Signe de la volonté du gouvernement de mettre la presse en coupe réglée, le secrétaire exécutif du Haut Conseil des médias a affirmé que le journalisme rwandais devait retrouver « la raison » et que la loi visait à restaurer la crédibilité de la profession, qu’il qualifie de « décharge publique ".
L’organisation rappelle qu’elle avait demandé à l’Union européenne de suspendre son financement à l'élection présidentielle. Voir le précédent communiqué .
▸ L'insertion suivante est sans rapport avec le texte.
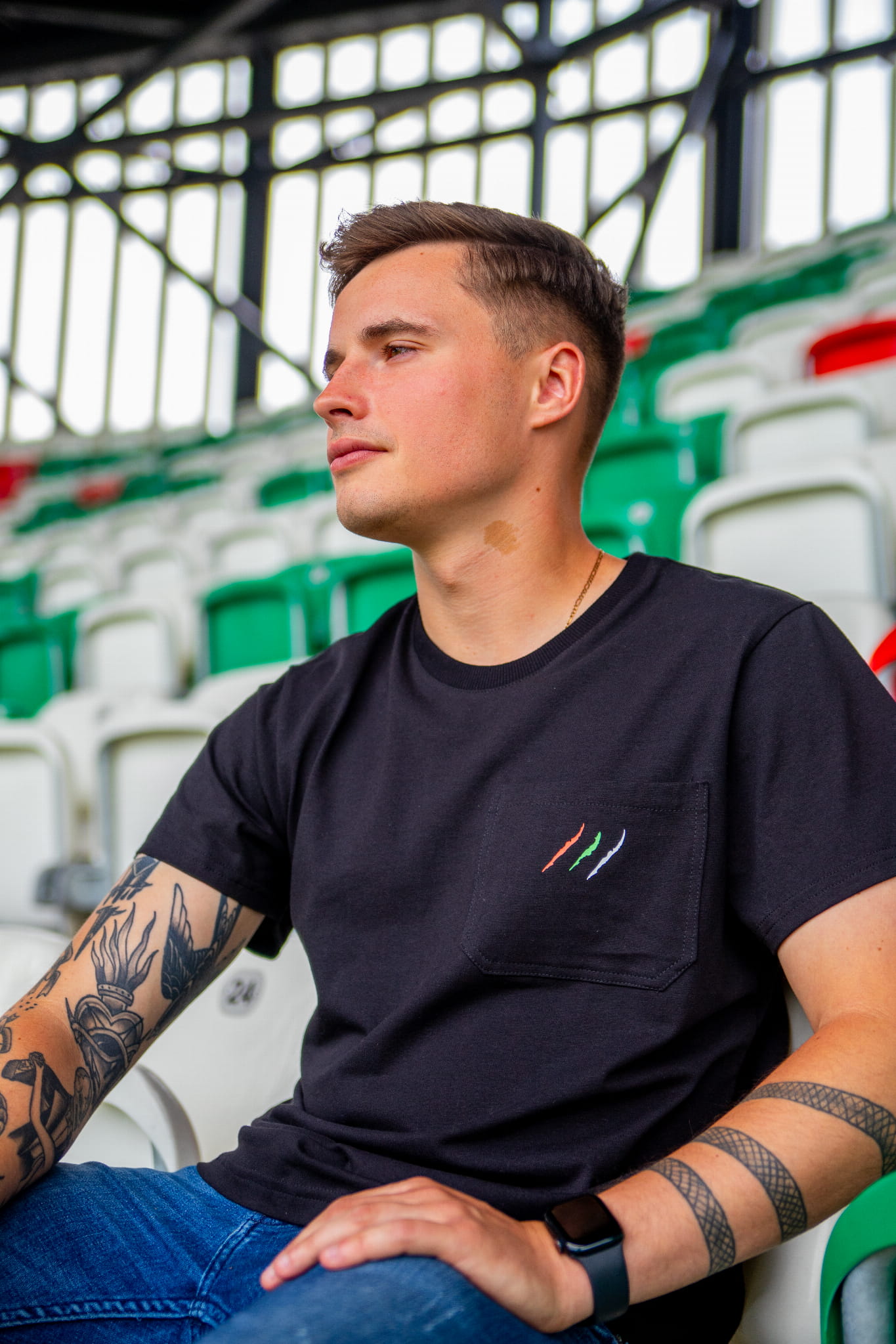 Koszulka Zagłębia Sosnowiec o klasycznym kroju i standardowej długości. Czarny model wyróżnia się minimalistycznym designem z trzema paskami w barwach Zagłębia na piersi, które podkreślają klubowy charakter i nawiązują do tradycyjnych kolorów klubu.

Reporters sans frontières rappelle également qu'Agnès Uwimana Nkusi et Saidat Mukakibibi, respectivement directrice et journaliste au bimensuel privé Umurabyo, ont été placées en détention provisoire, le 20 juillet 2010. Elles sont poursuivies pour "outrage au chef de l'Etat", "incitation à la désobéissance civile" et "négation du génocide Tutsis".
Le Rwanda occupe la 157e place, sur 175 pays, du classement mondial 2009 de la liberté de la presse établi par Reporters sans frontières. Après l’Erythrée, la Somalie, et la Guinée équatoriale, il est le quatrième pays africain le moins bien classé.
Depuis plusieurs années, le chef de l’Etat, Paul Kagame, figure dans la liste des prédateurs de la liberté de la presse dressée par Reporters sans frontières.